# What cage should I get?



## Awaiting_Abyss (Jul 24, 2012)

So I was about to order the Fiesty Ferret cage, but then it occured to be that the bar spacing might be too large... One of my rats (Korra) is rather small so I'm afraid she'd be able to get out of it. Also, I would like to use whatever cage I get for future rats, so I'd like it to have small enough bar spacing to keep babies in since I plan on getting my next rats from a breeder.

What cage would you suggest? And where is the cheapest (and trustworthy) place that I can order said cage?



Or- for those of you who have the Fiesty Ferret cage, how small is the bar spacing? Would 5-6 week old baby rats be able to get out of it? Or would a small rat be able to get out?


----------



## jd882 (Sep 16, 2012)

Why not go to the petstore closest to you and just go look what they have? It might give you a better idea on the bar spacing and overall size of those particular cages. Try amazon.com for reviews (they've helped me pick out everything from oolong rose tea to dvd players). You can try to google rat cages and look at the images they have. Then, once you have a pretty good idea of what you're looking for, try bizrate.com... It's a website that compares prices from lots of different online and actual stores. Helped me find great prices on some things for around the house and some wii games for my son. Hope this helps


----------



## Awaiting_Abyss (Jul 24, 2012)

Well the only pet store near me that sells cages for rats is Petsmart and their rate cages are small (I have one of them...). Its fine for my three rats since I let them run around the house a good bit, but I'd really prefer to give them a little more space. Not to mention they're a bit pricey for the quality. Mine happens to have wooden shelves and one ramp has completely broken off and the two shelves are stained and smell quite a bit even though I clean them nearly every day.
Every other pet store in my area only sells hamster cages, tanks, and guinea pig cages.

A Critter Nation sounds okay, but they are a bit pricey. 

I'd really love to find a cage with small bar spacing and metal shelves and ramps.


----------



## trematode (Sep 8, 2012)

Would putting the cage in a high place be a good solution?

The cage I have now has 1" bars.

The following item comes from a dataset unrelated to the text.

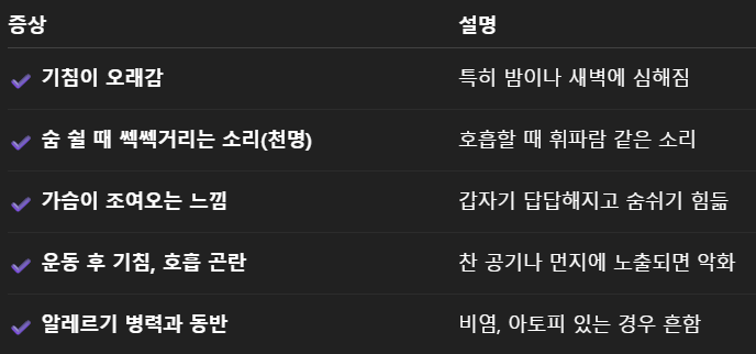 ➡️ 기침이 3주 이상 지속되고, 밤에 심해지며, 숨이 차거나 쎽쎽거리는 소리가 나면 천식을 의심해야 합니다.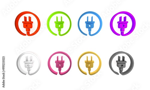 Colorful Electric plug icon isolated on white background. Concept of connection and disconnection of the electricity. Minimalism concept. 3D render illustration

When I got my girls at 2 months old, they could easily squeeze through the bars. I immediately put them on a craft table that is exactly the size of the cage. They haven't attempted to escape. It's been 3 weeks. Haven't decided if I am going to put it back on the floor once they are full grown.


----------



## Awaiting_Abyss (Jul 24, 2012)

I'd probably be afraid they'd still get out and hurt themselves, but a fiesty ferret cage would be too big to put on a table and it comes with a stand. I suppose if I do have any issues I could rig something up with hardware cloth, but that would probably end up being more expensive than if I just bought a critter nation.


----------



## pocketmouse (Jun 13, 2012)

I've heard a lot of positive things about Martin Cages from people on here, they seem to be a favorite for many, and I know they have different styles and sizes of cages to choose from. I really like my single story Critter Nation, I found it on sale with free shipping through one of the sites that they recommend to you on the midwesthomes4pets webpage 'where to buy' section (I think it might have been through Wayfair but I'm not positive) but it was like $134 that way, which isn't that much more than most nice new cages, so it was worth it to me personally (I really like the wheels, removable trays, and general cage layout). I've seen a lot of random/off brand cages on here that were really cool and spacious though that people found on places like Craigslist, so I'd just keep an eye out and look at different cages online and figure out what you like  Good luck!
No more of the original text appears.